Evelina is the 16-year-old heroine. She is, of course, perfectly beautiful and angelically good, but she has never moved in society and is quite ignorant of how to behave in social situations. She has been raised by her elderly guardian; her mother is dead and her wealthy father refuses to acknowledge her, though she is legitimate. Evelina goes on a visit to family friends, who then take her on an unexpected trip to London. She has no idea how to act at balls or assemblies and innocently causes offense to several people. Every man who sees her promptly falls in love and tries to take advantage of her, and she runs into several rather awful relatives who frequently embarrass her. Nothing ever seems to go right, but she does meet one good man whom she feels she can respect. Of course, in the end she marries the right man and even reconciles with her repentant father, but there are plenty of difficulties along the way.

I loved the book and couldn’t put it down–I finished it in a couple of days. Evelina is a strange heroine to modern minds; she hardly ever does anything. For Burney, much of Evelina’s virtue resides in her passivity, and she spends an inordinate amount of time fainting or crying or just not knowing what to do. Even so, it’s a lot of fun to read and I enjoyed it very much.

I’m about halfway through my third book of the challenge–Barbara Tuchman’s A Distant Mirror.

Who Murdered Chaucer? (Was he murdered at all?)

January21

“Richard II was really a good king, and Henry IV was an evil rotten usurper” could just as well have been the title, but I suppose they needed something a little more catchy. I really enjoyed Terry Jones and Co.’s thorough examination of late 14th century politics, though like many current nonfiction titles, it suffers a bit from too much detail. It’s a fascinating and fun read, with some juicy speculation thrown in.

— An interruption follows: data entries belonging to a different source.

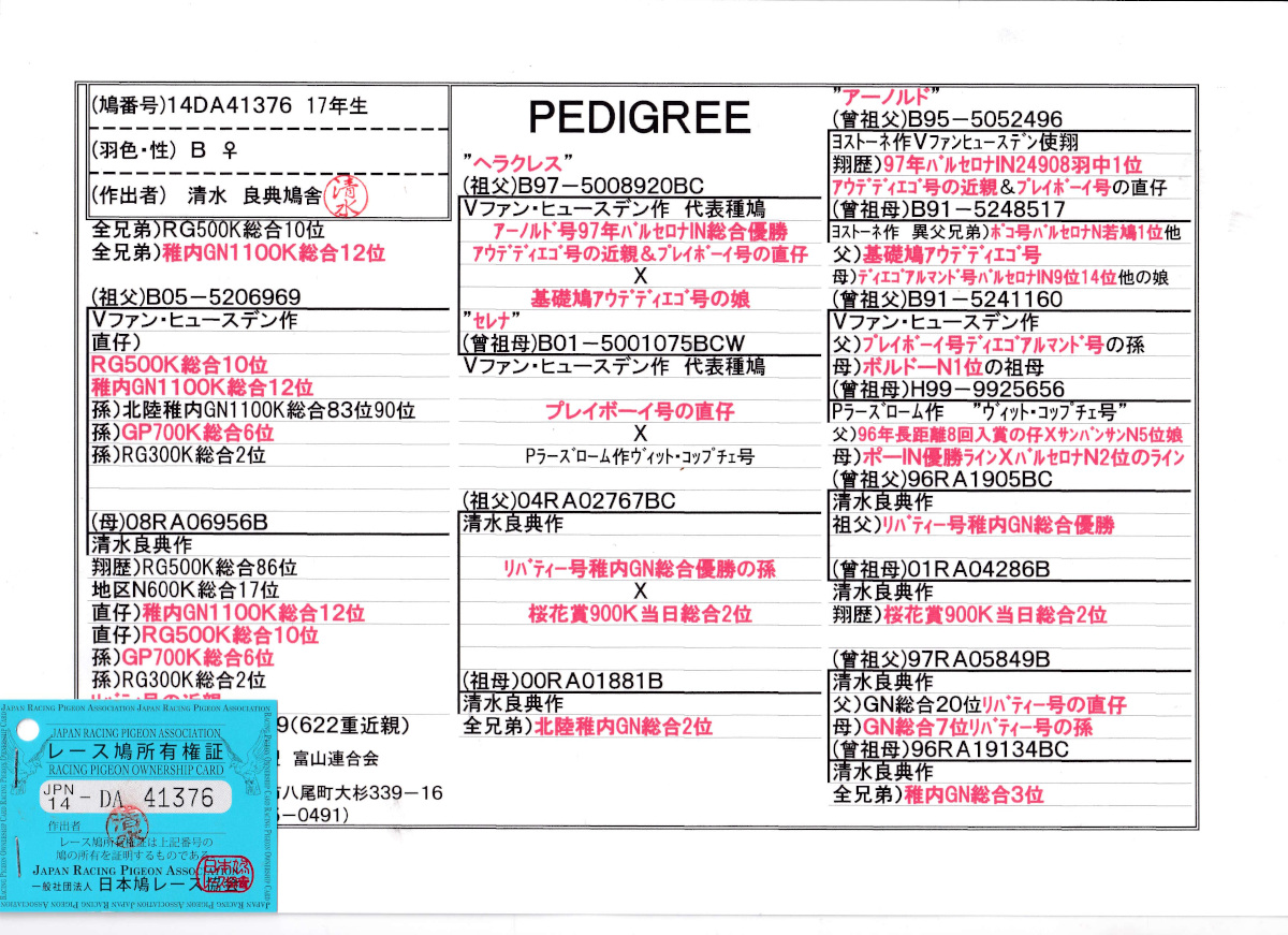 出品鳩♀8番17年生「14DA41376 B♀」清水良典作全兄弟)RG500K総合10位鳩稚内GN1100k総合12位鳩 アーノルド号孫×PN総合17位&シバティ号近親 ![]() |
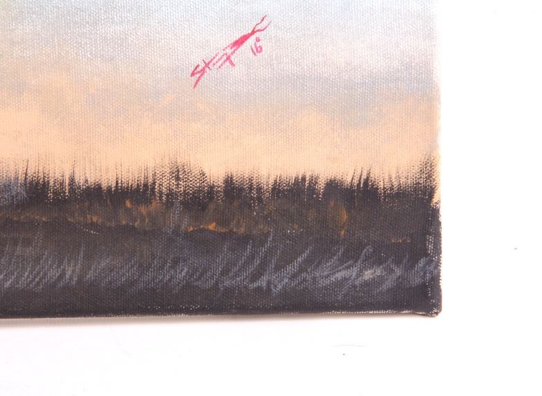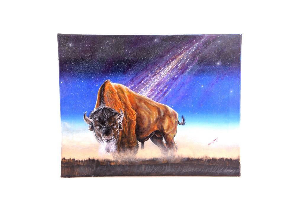 Featured in this lot is a signed oil painting of a buffalo with the milky way in the background. This stunning painting portrays a single buffalo on a starry night, standing in the grass, with the milky way glowing behind the buffalo. The buffalo is painted with grave detail displaying the mane, the tail, horns, and what appears to be the buffalo's breath coming out of his nose. This piece is in good condition and is signed "STX '16" towards the bottom right corner. The painting measures 15 3/4" tall and 20" wide.
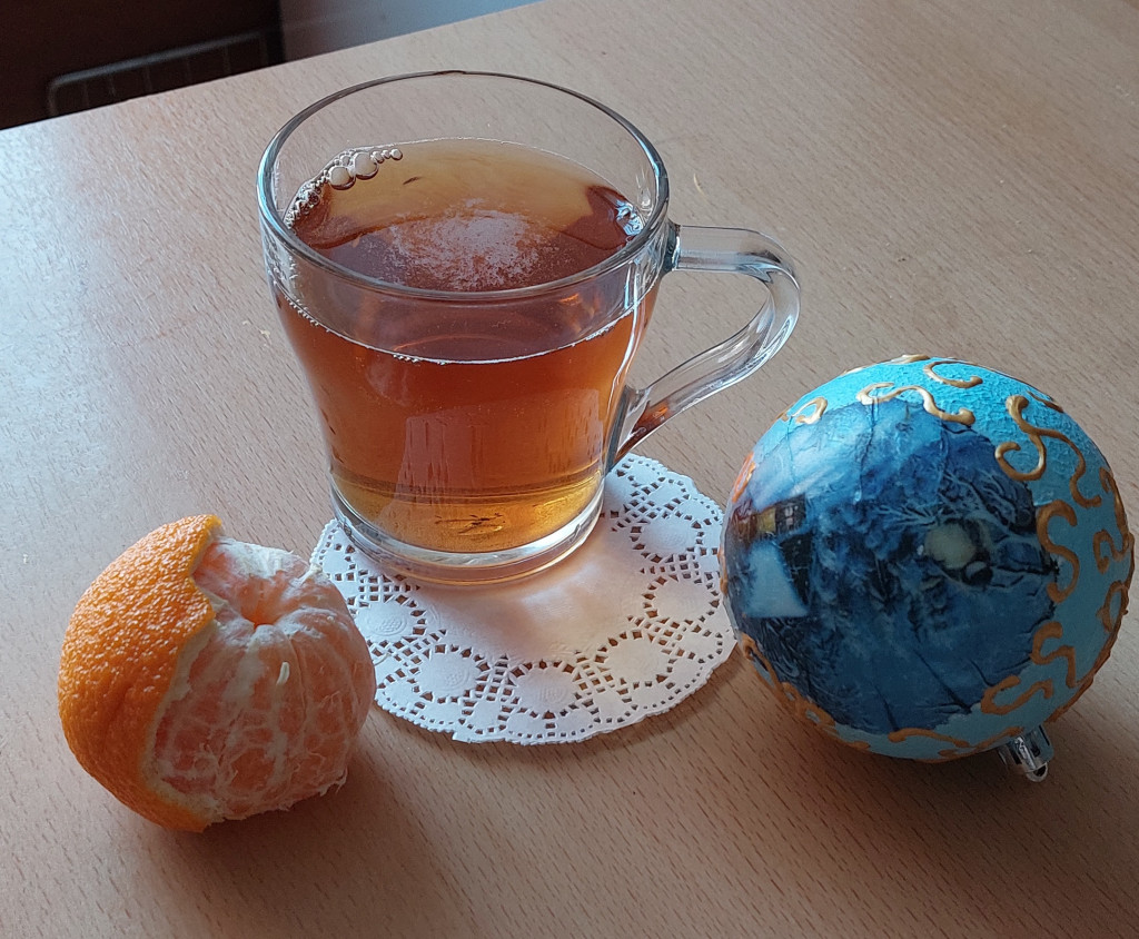 Напиток - чай обыкновенный с мандариновыми шкорками, и вот кружечку себе прикупила праздничную. чтоб повеселее было.
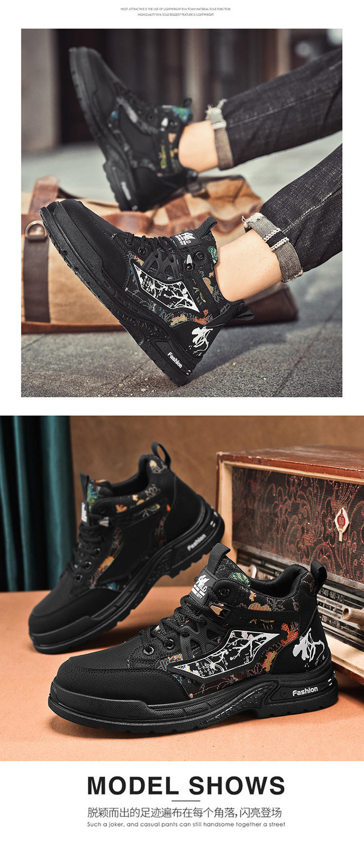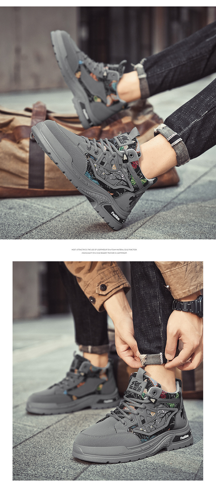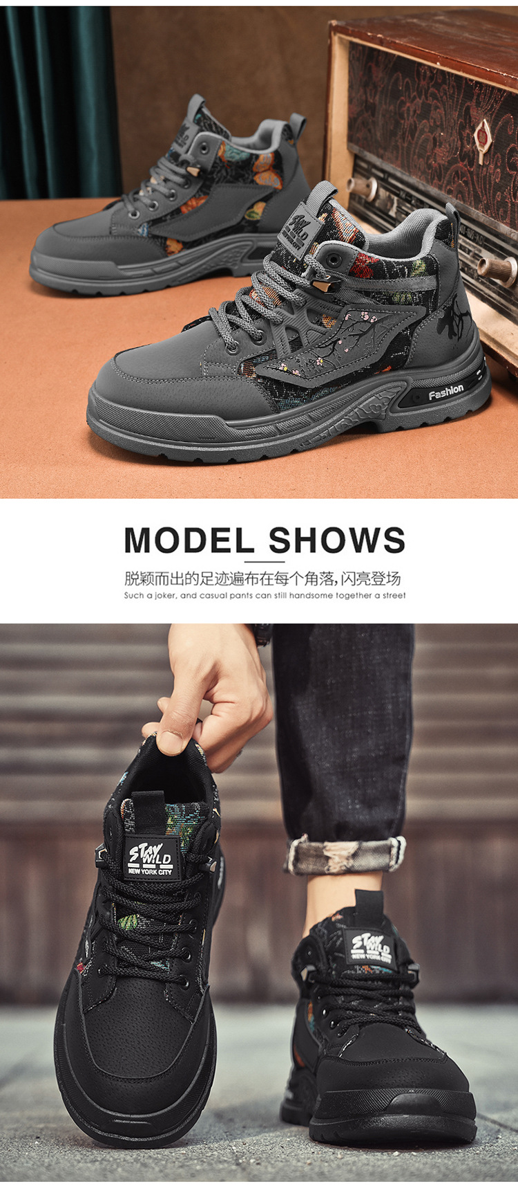 남성 신발 하이 탑 레트로 캐주얼 야외 등산 2024 가을 새로운 영국 스타일 노동 보호 내마모성 마틴 부츠스토어 가기
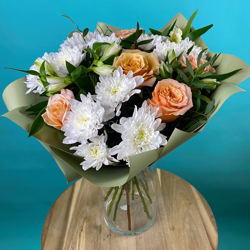 Отличное сочетание розы и хризантемы в одном букете
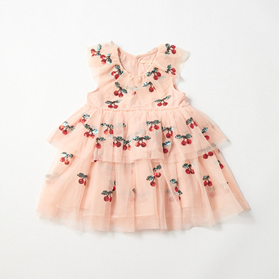 ・ふわふわのチュールをたっぷり重ね、スパンコールのチェリーモチーフをあしらったガーリーなデザイン。
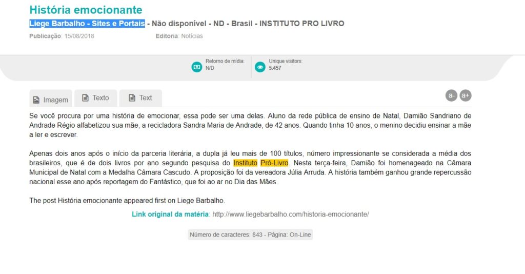 IPL na MídiaHistória emocionante – Liege Barbalho – Sites e Portais – Posted on by gerenciador 24 Sep Link original da matéria: http://www.liegebarbalho.com/historia-emocionante/

Chaucer was the most famous and respected poet of his day; he was a prominent man in a pretty small world and his literary works (in English!) were very popular. And yet no one seems very sure of when he died; in 1400 he just disappeared from the records. Lesser poets had fancy tombs and exact death dates, but all Chaucer got was a Tudor-era memorial tablet with a somewhat speculative date. Now why was that? Could it be because Chaucer’s opinions and habit of writing in English became inconvenient when Henry IV usurped the throne from Richard II? Could Thomas Arundel, the ruthlessly political Archbishop of Canterbury and the power behind Henry’s throne, have had something to do with it? Did Chaucer “disappear” the same way Richard II did, and was he left to die in prison? We’ll never know, but it’s fun to speculate.

The entire first half of the book is dedicated to redeeming Richard II’s good name; Jones examines his reign, Henry IV’s takeover, and the subsequent propaganda and cover-up. His idea is that Henry, like any usurper, needed to rewrite history and put himself in the right, so he portrayed Richard as an oppressive tyrant and himself as a welcomed liberator. In fact, however, Henry was not nearly as nice as Richard had been, and his reign ushered in a new era of severe punishment for having the wrong opinions. It gets a bit complicated, but in particular, religion became much more controlled, thanks to Arundel’s need to clamp down on unorthodoxy and criticism of the Church.

At any rate, once we do get to Chaucer in the second half of the book, Jones points to clues in his writings that explain just why Arundel would have wanted him out of the way. Such clues aren’t hard to find–the famous Pardoner’s Tale is a big one–but since most of us aren’t familiar with the intricacies of 14th-century Church politics, they are easy to misunderstand. Luckily Jones makes the topic both clear and interesting. All this leads into the speculation on how and why Chaucer disappeared in 1400, whether he died then or later, and why anyone bothered to put up a memorial to him about 150 years later. It’s all quite interesting and entertaining, though a bit long-winded. If you’re interested in medieval history, it’s a good read, but if not, it will be far too much information for you.


This was my first book in the Chunkster Challenge 2009. Here’s my list so far of books I plan to read:

1. Who Murdered Chaucer? — Terry Jones
2. North and South — Elizabeth Gaskell
3. A Distant Mirror — Barbara Tuchman (more 14th-century goodness!)
4. Evelina — Fanny Burney
5. Liberal Fascism — Jonah Goldberg
6. The Forgotten Man — Amity Shlaes
7. A Dickens novel, but I can’t decide between Our Mutual Friend, The Old Curiosity Shop, and Bleak House.